All entry fields except buildID are optional and apply only to that build's batches. Because configuration is per-entry here, the run-level --parameter, --pool-labels, and --allowable-failure-percent flags cannot be combined with --builds/--builds-file.

3. `--build-id` (deprecated)

The legacy single-build flag still works — it is converted internally to a one-entry builds list — but prints a deprecation warning and is hidden from --help. Use --build or --builds instead, even for single-system workflows.

Validation rules

The CLI rejects, before calling the API:

More than one build mechanism at once (e.g. --build together with --builds)
Run-level override flags combined with --builds/--builds-file
Duplicate build IDs, malformed UUIDs, the reserved pool label resim, and allowableFailurePercent outside 0–100

The API additionally rejects:

Two builds resolving to the same system (HTTP 400)
An enabled suite whose system has no matching build (HTTP 422) — the run is not partially created

If you supply a build whose system is not covered by any enabled suite, the run is still created but that build is simply not exercised; the response reports it under unusedBuilds and the CLI prints a warning.
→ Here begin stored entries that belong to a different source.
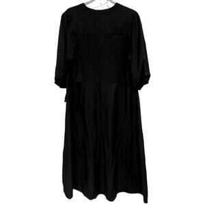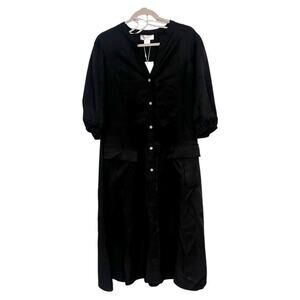 Refinity Black Puff Sleeve Midi Shirt Dress XS Button Front Pockets NWT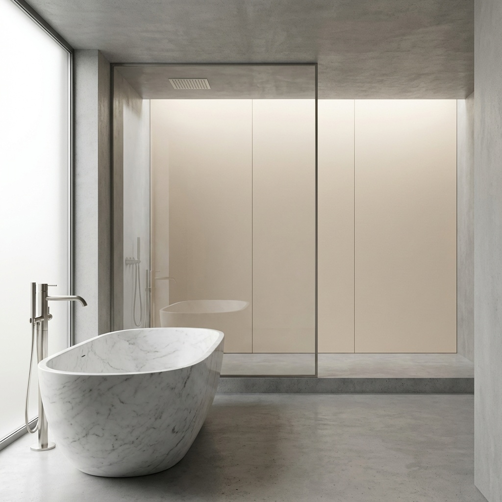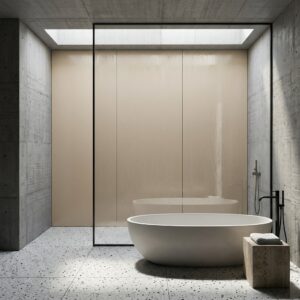 Okładziny ścienne w sypialniach, łazienkach i przestrzeniach wellness. Zabudowy meblowe w stylu warm luxury, boho chic i nowoczesnej klasyki. Komponuje się z naturalnym drewnem, rattanem, mosiądzem i lnem. Pasuje do wnętrz z białym marmurem, ceramiką ecru i pudrowym różem. Montaż wyłącznie wewnętrzny — brak potwierdzonej odporności UV na zewnątrz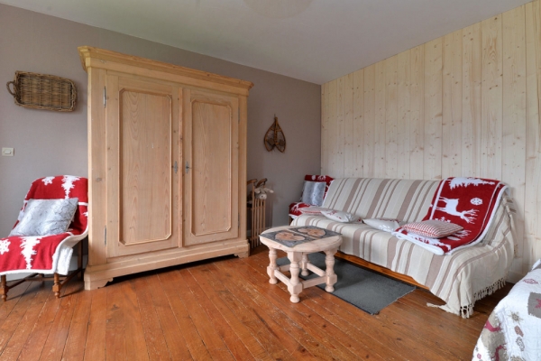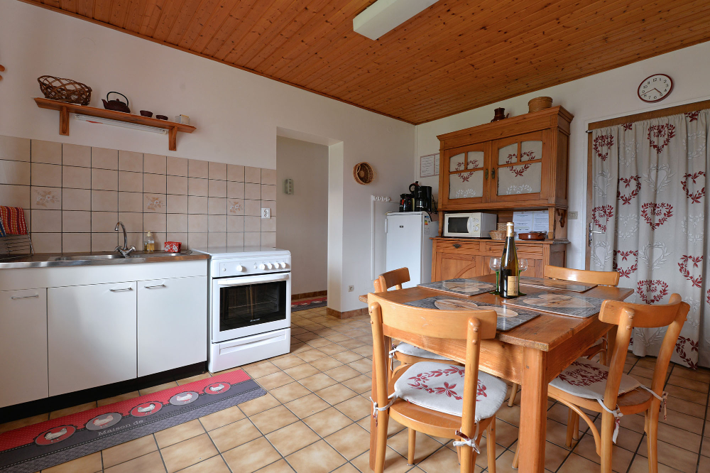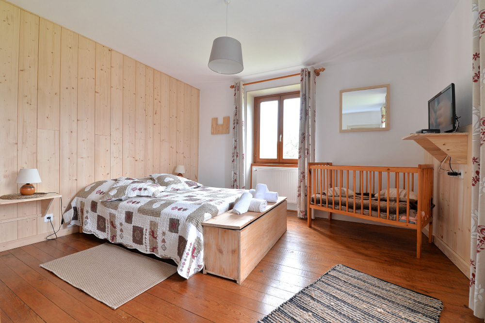 Le gîte Cerise (65m2) se situe au premier étage. Il offre une magnifique vue panoramique sur la vallée. Fraîchement rénovée tout en conservant l’esprit typique de la maison, c’est un véritable cocon. Vous y trouverez une cuisine équipée, une salle de bain, des toilettes, une grande chambre avec deux lits enfants, et une chambre adulte.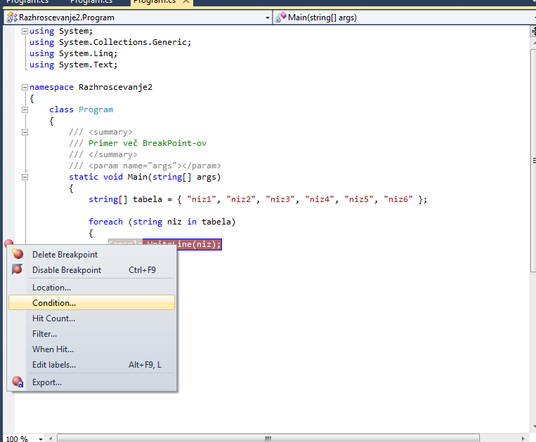 - pri napakah pri kodi programa,
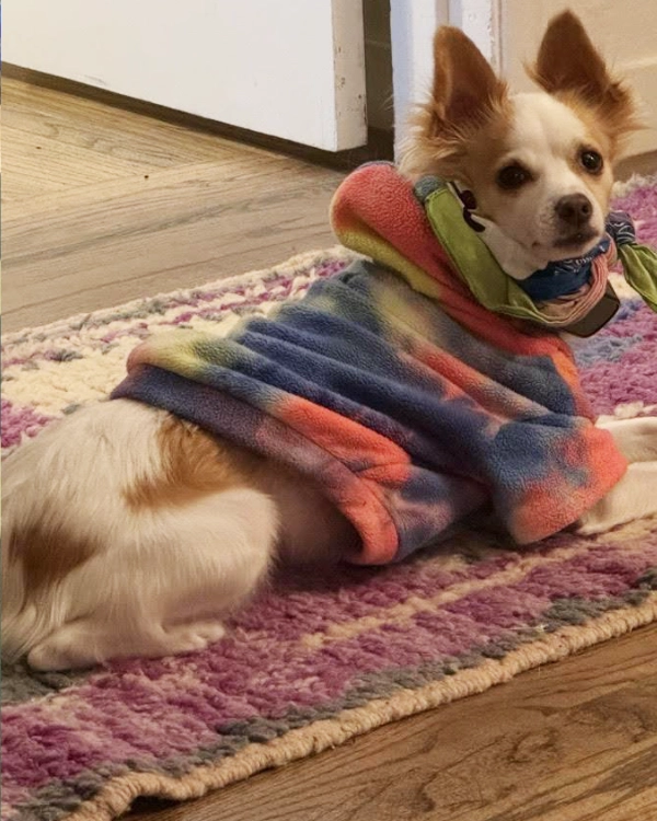 Olive is a sweet, 4-year old chihuahua mix with elegant long legs and soft ears that make her look like a model. She is a petite girl at about 7 pounds and is affectionate, gentle, playful, and absolutely loves cuddles, too — she’ll happily perch on your shoulder like a baby and melt into your arms.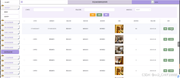 - 退房信息管理:管理员可以查看退房信息列表中某个用户的退房详情并,可以查询、重置和删除退房信息。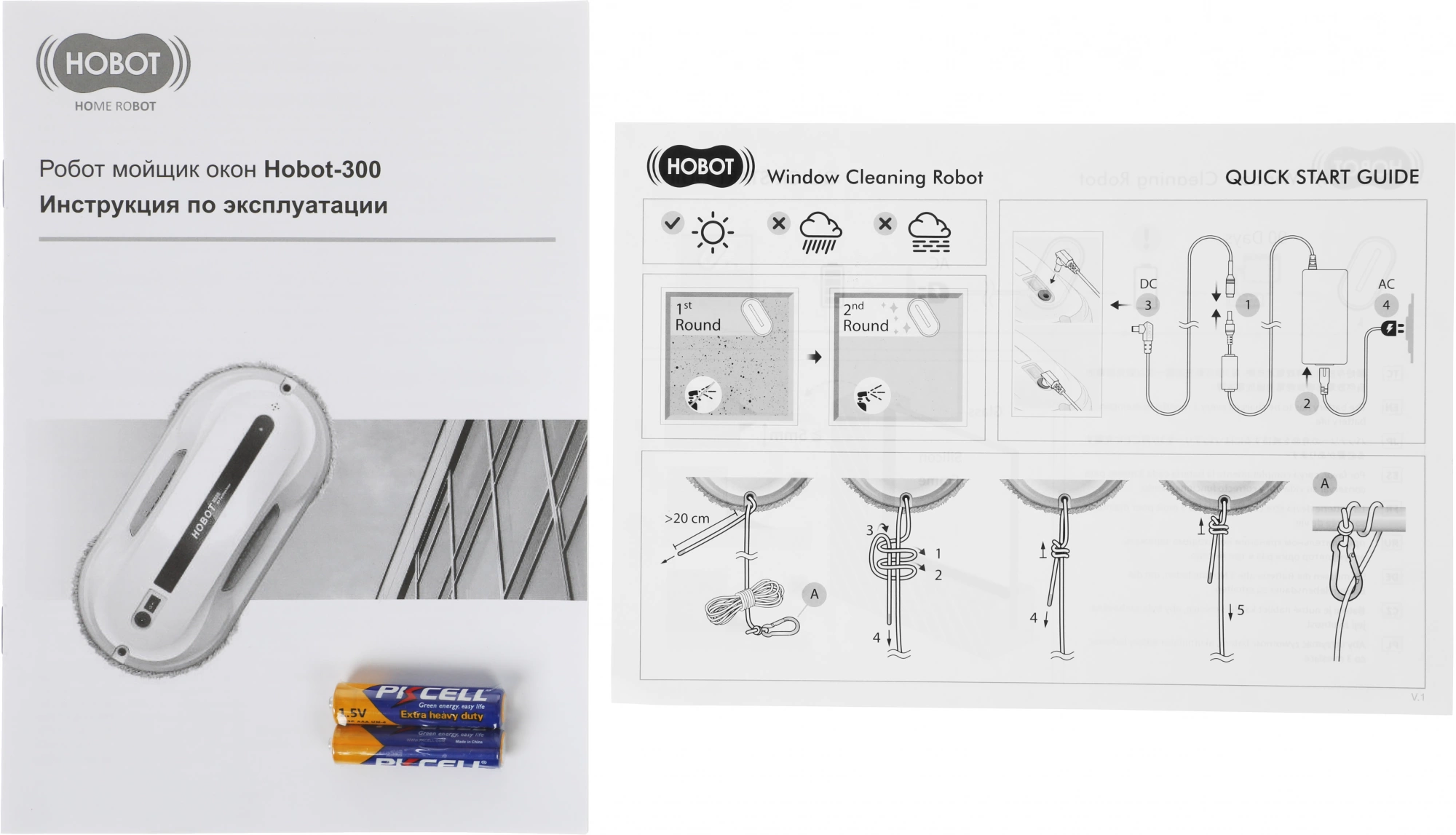 | Комплектация | робот HOBOT-300, страховочный шнур, пульт ДУ, адаптер питания, шнур питания переменного тока, удлинитель постоянного тока, чистящие салфетки из микрофибры (6 шт. + 2 шт. на роботе), кольцо для салфеток (2 шт. + 2 шт. на роботе), руководство пользователя, гарантийный талон |

This lets CI pipelines send their full set of builds without tracking exactly which suites are currently enabled.

Other run flags

--account <username>: associate a CI/CD platform account with the run (otherwise inferred from CI environment variables)
--github: machine-readable output (workflow_run_id=<uuid>) for GitHub Actions

Listing workflow runs

List all runs for a specific workflow (paginated):

Bash

resim workflows runs list --project "my-project" --workflow "nightly-regression"

Getting workflow run details

Bash

resim workflows runs get \
  --project "my-project" \
  --workflow "nightly-regression" \
  --run-id "run-uuid-here"

This prints one entry per test suite in the run:

JSON

[
  {
    "testSuiteID": "aaaaaaaa-...",
    "systemID": "bbbbbbbb-...",
    "buildID": "11111111-...",
    "batchID": "cccccccc-...",
    "batchURL": "https://app.resim.ai/projects/.../batches/cccccccc-..."
  }
]

systemID is always present (copied from the test suite at run creation)
buildID shows which build was paired with this suite — important for multi-system runs
batchID/batchURL are omitted for suites that produced no batch: suites disabled at run time, or suites with no active experiences (recorded for traceability, but nothing is launched)

resim workflows runs get --slack instead emits a Slack webhook payload summarizing every batch in the run.

Supervising runs from CI

resim workflows runs supervise waits for every batch in a run to finish, rerunning failed tests, and exits with a code reflecting the worst final batch state — suitable as the gating step of a CI job:

Bash

resim workflows runs supervise \
  --project my-project \
  --workflow nightly-regression \
  --run-id <uuid> \
  --max-rerun-attempts 2 \
  --rerun-max-failure-percent 50 \
  --rerun-on-states Error,Blocker \
  --wait-timeout 2h

All batches are supervised in parallel. Tests whose conflated status matches --rerun-on-states are rerun up to --max-rerun-attempts times (skipped if more than --rerun-max-failure-percent of jobs failed). The exit code is derived from each batch's conflated status, filtered to --fail-on-states if set, otherwise to --rerun-on-states:

Exit code	Meaning
0	All batches complete (no remaining jobs in the fail filter)
1	Internal CLI error
2	ERROR (orchestration error or unresolved ERROR jobs)
5	Cancelled
6	Timed out
7	Unresolved BLOCKER jobs
8	Unresolved WARNING jobs

Suites that produced no batch are skipped. --quiet suppresses informational logging; --poll-every controls the polling interval.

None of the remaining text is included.